Tom nodded, keeping from his face the qualms of unease that clutched at his heart. What would the test be? How could they meet it? When they were so close to recovering the sister he loved, must strange customs interfere? Nicky and Cliff were perturbed, too, but they kept their faces as impassive as they could. The Indians were not going to win! Cliff regretted that he had left the rifle in the hut across the clearing but he hoped they would not need it. However, he made a secret plan to get out and secure it if things began to look black.

One of the councillors stood up and spoke briefly: the girl listened and then turned to the white parties and translated.

“They say word has come to them that great doctors wished to come into their country to heal their people,” she began.

“How could word come—there isn’t any newspaper or telegraph or telephone,” cried Nicky, incredulously. The girl merely nodded toward the medicine men as though they had secured the message in some way, and continued her translation.

“They say they wish to see the great doctors heal their tribe and so they let them come.”

She turned again to listen, and once more she translated.

“They say that you bo—young men—may be evil doctors. They say the first doctors told the San Blas Indians evil doctors would follow——” Nicky glared at Henry and Henry looked uncomfortable.

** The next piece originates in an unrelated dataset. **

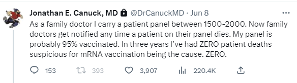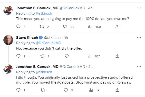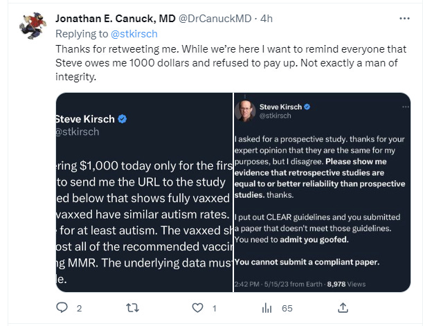 Since leaving my job in high tech, I make money on people accepting the bets and losing. These are large bets, on the order of $1M. False and defamatory statements like this from a medical doctor tarnish my reputation making it more difficult for me to earn an income. Canuck has a large following of people (17K) who trust him making his statements even more damaging.

“Now they await your answers,” she said, turning first to Henry.

Henry gave out a string of pleading to establish the fact that he and Mort were the good doctors but that if their medicines had no power it was because of some evil influence. He did not quite dare to denounce the boys. Margery, as Tom already called her in his thoughts, did her duty in translating, and then she turned toward Tom, and waited.

Tom glanced swiftly toward Nicky and Cliff. He wanted to be sure they had no message to guide him. They looked anxious and earnest, but they had not thought out any answer. Tom, bending his head on his hands, tried to think what reply would show that they were not evil doctors, for it would not help much to declare it and stop: the Indians would ask proof, and he could not think of any way to prove his claim. The chief, his councillors and the medicine men waited without movement. They were used to tedious conferences. The girl watched without expression.